Когда я заходил в кафе, Борис кивал мне и, отыграв вещь, начинал одну из боссанов Жоао Жальберто, для меня. Никто этого не знал, но он играл только для меня, потому что я любил эти вещи. И, ясное дело, я стоял невероятно довольный. Закончит Борис играть, подойдет:
— Клевая вещь! — скажет.
Мы сядем за оркестрантский столик, покурим, поговорим. Я был страшно горд в те минуты, что вот так, запросто, могу сидеть со знаменитым пианистом. На другие столики, где не сидели знаменитости, я смотрел с некоторым превосходством.
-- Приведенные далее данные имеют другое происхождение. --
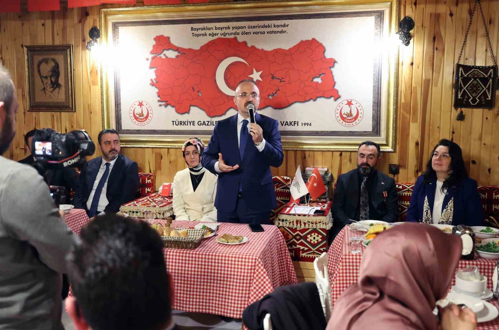 Turan, 40 yıldan beri ülkede terörün olmaması gerektiğini ifade ederek, "40 yıldan beri terör, sadece şehitlerimizin, gazilerimizin hakkı için değil, gelecek nesiller içinde, yatırımlar içinde, büyüme içinde bir problemdir, sorundur. Sizler en kıymetlilerinizi verdiniz, kolay mı can vermek? Bir başka ailemiz bir daha bu acıyı yaşamasın istiyoruz. Bir daha bu ülkede bir terör faaliyeti olmasın, tasfiyesi olsun kapansın gitsin ve bir insanımızın saçının teline zarar gelmesin istiyoruz. Bu masada ki şehit ailelerimiz, gazilerimiz İmralı'ya nasıl bakıyorsa, bende öyle bakıyorum. Bu masada ki ailelerimiz teröriste, bebek katiline, haine nasıl bakıyorsa biz de öyle bakıyoruz. Hiçbir endişemiz yok ama ömrümüz ağlayarak, üzülerek, sitem ederek geçmemeli. Devlet duygularıyla değil, aklıyla hareket eder" diye konuştu.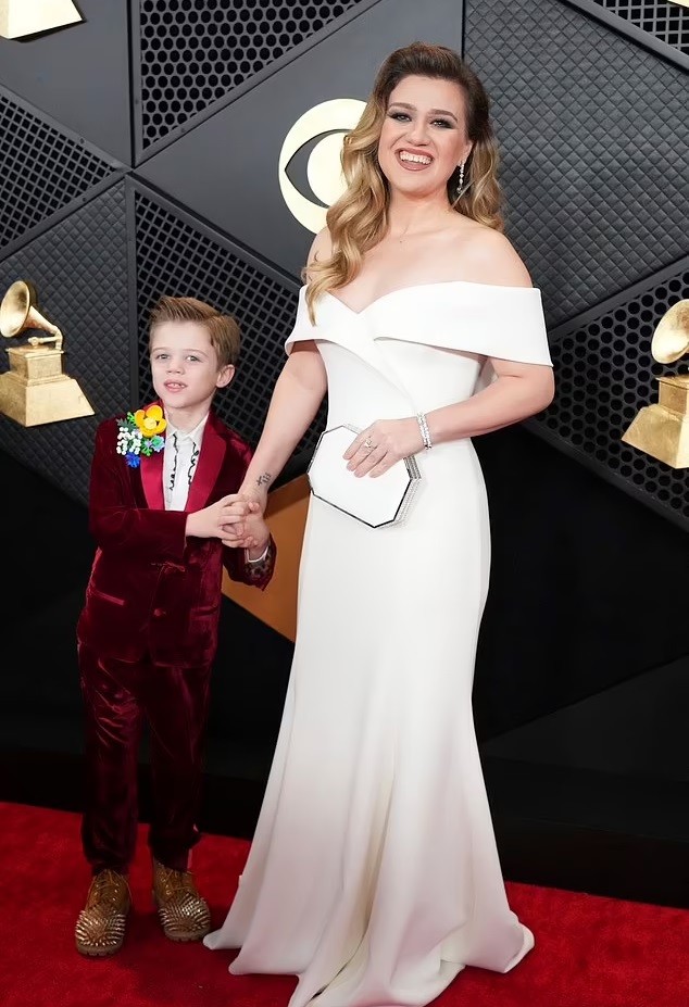 Kelly Clarkson was pictured smiling from ear to ear as she attended the 2024 Grammys with her young son.

Хорошо было у Бориса. На сцену выйдет какая-нибудь поэтесса, прочитает стихи, или парень в трико покажет пантомиму. Можно было подойти к стойке и выпить по стакану вина или, если крутили шлягер, потанцевать. Можно было попросить Бориса сыграть «Звезды Алабамы», или «Сентябрь в дождях», или отличную тему «Дым в глаза» Джерома Керна. Борис играл все, что бы я ни просил. Не каждый может подобным похвастаться, хотя, я думаю, настоящий музыкант и должен быть таким, а не ломаться и не корчить из себя черт-те кого, как это делали некоторые.
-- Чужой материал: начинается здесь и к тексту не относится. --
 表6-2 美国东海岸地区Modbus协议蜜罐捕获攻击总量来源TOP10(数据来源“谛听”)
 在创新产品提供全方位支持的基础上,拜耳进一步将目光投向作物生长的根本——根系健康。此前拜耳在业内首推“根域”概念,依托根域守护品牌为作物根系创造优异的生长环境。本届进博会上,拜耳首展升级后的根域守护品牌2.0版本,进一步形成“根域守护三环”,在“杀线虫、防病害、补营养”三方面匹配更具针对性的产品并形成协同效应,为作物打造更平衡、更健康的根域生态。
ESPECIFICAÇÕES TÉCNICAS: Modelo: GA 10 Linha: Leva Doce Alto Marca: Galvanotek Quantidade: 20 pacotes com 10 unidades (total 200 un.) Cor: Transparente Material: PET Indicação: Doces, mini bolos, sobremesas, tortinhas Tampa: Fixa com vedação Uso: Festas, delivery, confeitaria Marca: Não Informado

Ансамбль Бориса начинал тот самый «Дым» красиво. Борис брал несколько синкопированных аккордов, и саксофонист Виктор Зубов с захода начинал нежно импровизировать, причем такими законченными фразами, что не поймешь, случайна ли эта находка или четко отрепетированный образ. Во время импровизации саксофониста Борис с тромбонистом Алексеем Бахолдиным вставляли риффы, повторяющиеся ритмические фигуры, потом ударник Владимир Васильков делал сбивки, и саксофонист уступал место тромбонисту, потом тот — Борису (он играл с басистом Анатолием Соболевым) — каждый по квадрату, потом все вместе и — конец.
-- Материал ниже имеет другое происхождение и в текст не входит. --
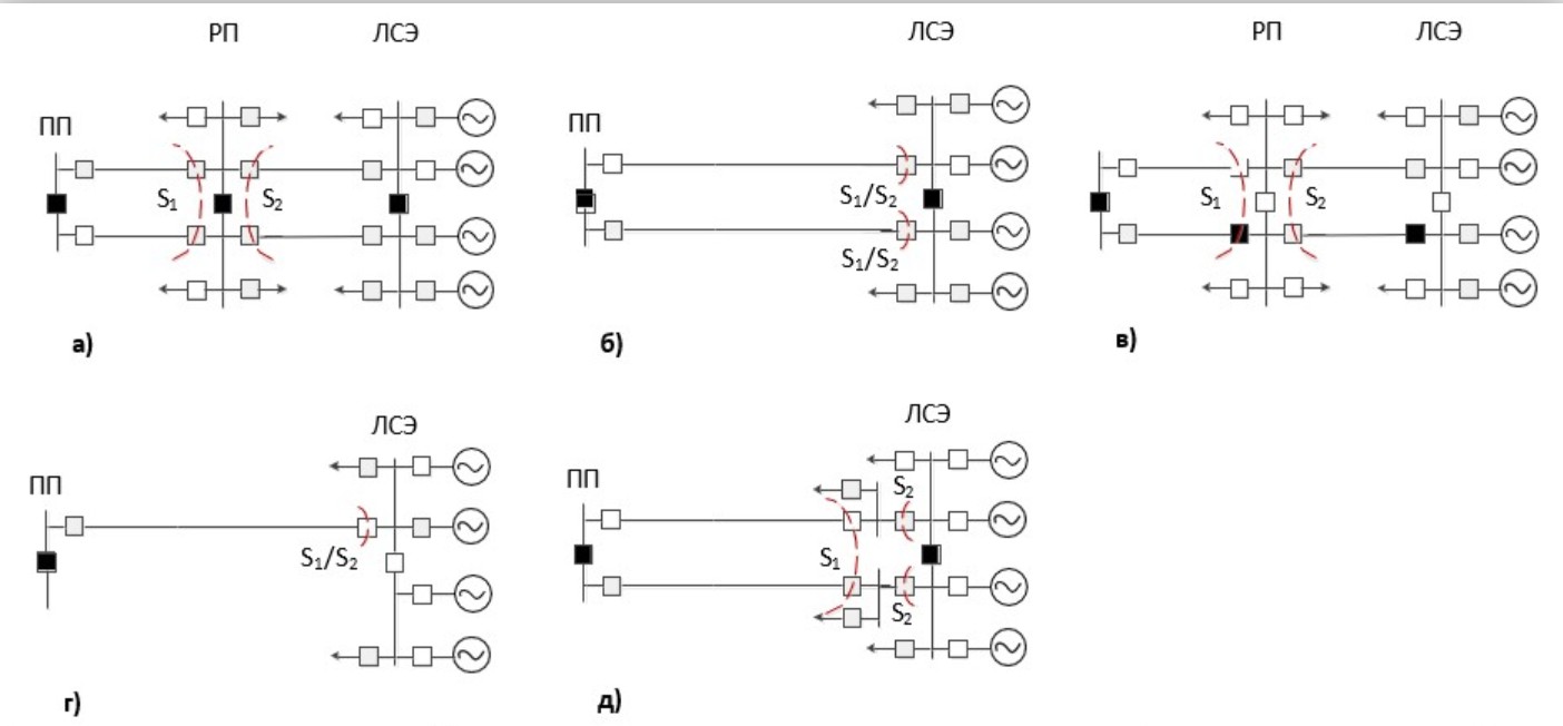 а) Базовая схема с разделяющейся на две симметричные части Минигрид с РП; б) Схема с разделяющейся на две симметричные части Минигрид без РП; в) Схема с неразделяющейся на части Минигрид с РП с основной и резервной связью с внешней сетью; г) Схема с неразделяющейся на части Минигрид без РП с одной связью с внешней сетью; д) Схема с разделяющейся на части Минигрид без РП с повышенной вариативностью отделения от внешней сети

Борис был нервный, впечатлительный, работал инженером, изучал английский и французский языки и подрабатывал переводами. Он неплохо знал литературу и никогда не расставался со «Спидолой» — просыпался, сразу включал; умывается, завтракает — слушает. В автобусе едет — антенну выставит в окно. Приемник он любил больше всяких пластинок и лент.
— Живое общение, чувствуешь далекую атмосферу, а в записи все уже не то, — подмигивал мне.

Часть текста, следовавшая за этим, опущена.